At Burning Man, I saw a lot of stuff like: making dosing and mixing decisions while not sober; taking doses without a scale, not beig justifiably confident that the dose is the right order of magnitude; taking their epistemically-untrustworthy friend’s word that a substance they’ve never heard of before is safe for them. That sort of thing. And that’s before even getting into the social stuff, where eg people really shouldn’t be having conversations about crazymaking topics while high. And the legitimately hard stuff, like it’s important to have a tripsitter who will break thought loops if you step on a trauma trigger, but also important that that tripsitter not be a significant other or cult leader and not be someone who will talk to you about crazymaking topics.

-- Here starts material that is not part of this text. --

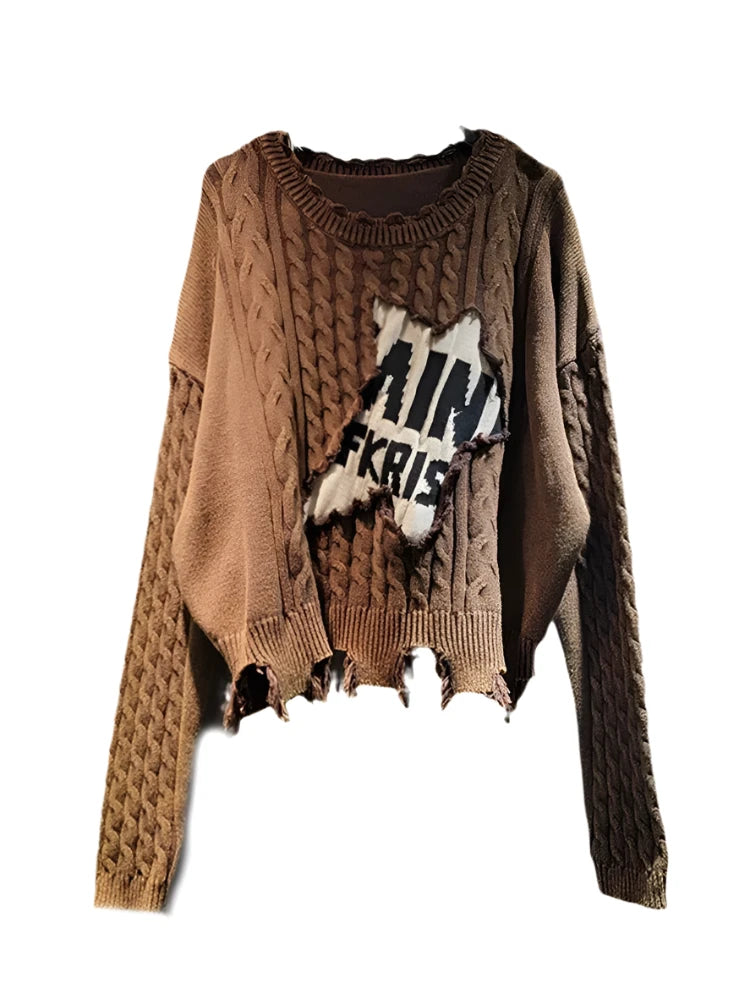 Women's Sweater Loose Patchwork Letters Distressed Long Sleeve Knitted Tassel jumper

Meanwhile nearly everyone has been exposed to extremely unsubtle and substantially false anti-drug propaganda, which fails to survive contact with reality. So it’s unfortunate but also unsurprising that the how-much-caution pendulum in their heads winds up swinging too far to the other side. The ideal messaging imo would leave most people feeling like planning an acid trip is more work than they personally will get around to, plus mild disdain towards impulsive usage and corner-cutting.
(+1 from Rob B, Marie L)
Jim Babcock’s stance here is the most sensible one I’ve seen in this thread:
Somehow this reminds me of the time I did a Tarot reading for someone, whose only previous experience had been Brent Dill doing a Tarot reading, and they were… sort of shocked at the difference. (I prefer three card layouts with a simple context where both people think carefully about what each of the cards could mean; I’ve never seen his, but the impression I got was way more showmanship.)
If it works as a device to facilitate sub-conscious associations, then maybe an alternative should be designed that sheds the mystical baggage and comes with clear explanations of why and how it works.

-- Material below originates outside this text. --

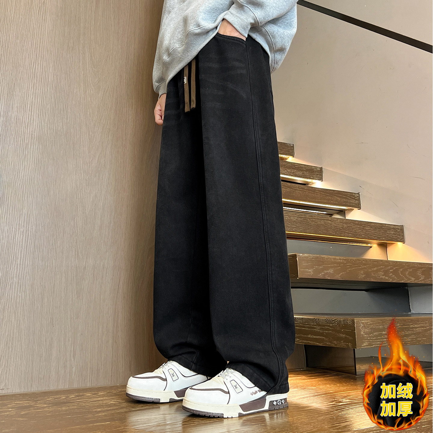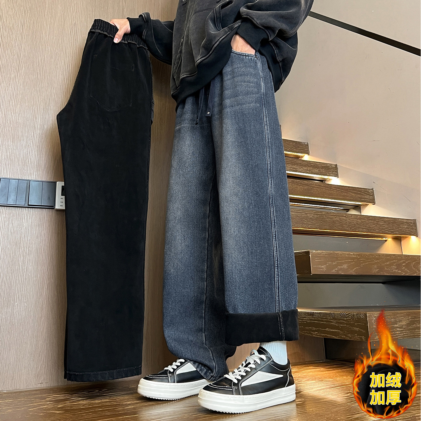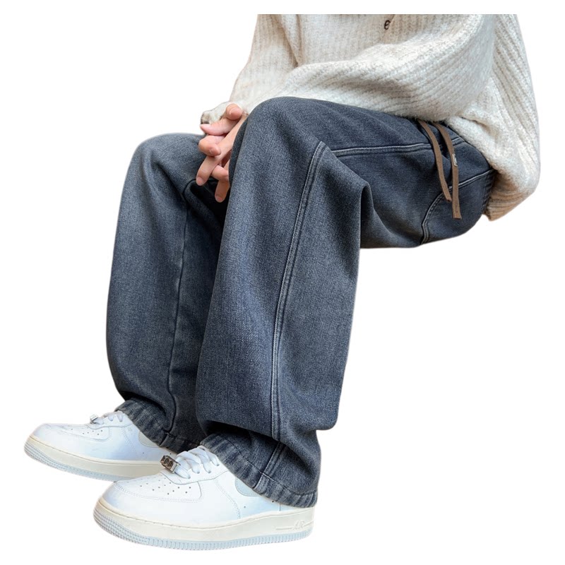 淘宝复古牛仔裤男生秋冬季新款加绒学生休闲青少年阔腿加厚长裤子男装

I’m generally very anti-woo, but I expect presenting it clearly and without baggage would make it stop working because the participant would be in a different mental state.
Well, if that is true then that would be another avenue to research mental states. Something that is clearly needed.

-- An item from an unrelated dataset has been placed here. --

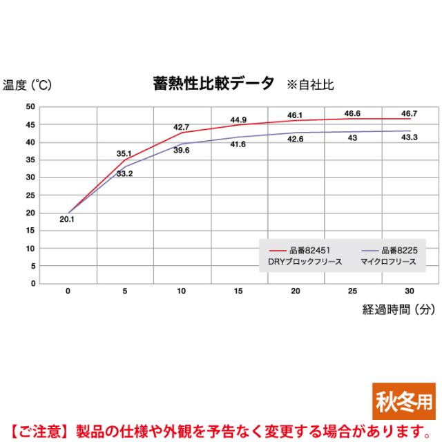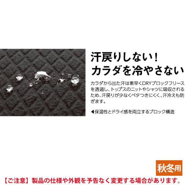 ◇カラダから出た汗は素早くDRYブロックフリースを透過し、トップスのニットやシャツに吸収されるため、汗戻りが少なくベタつきにくく、汗冷えも防ぎます。

But what I really wanted to say: You shouldn’t do it if you can’t formulate hypotheses and do experiments for it.
No greater sign that Eliezer isn’t leading a cult than that my first reaction to this was “pfft, good luck”, even when I misread it as “we should shame individuals for doing these things Elizabeth finds valuable” and not the more reasonable “leaders pushing this are suspect”
Big +1.
Really important to disambiguate the two:
”People shouldn’t do psychedelics” is highly debatable and has to argue against a lot of research demonstrating their efficacy for improving mental wellness and treating psychiatric disorders.
”Leaders & subgroups shouldn’t push psychedelics on their followers” seems straightforwardly correct.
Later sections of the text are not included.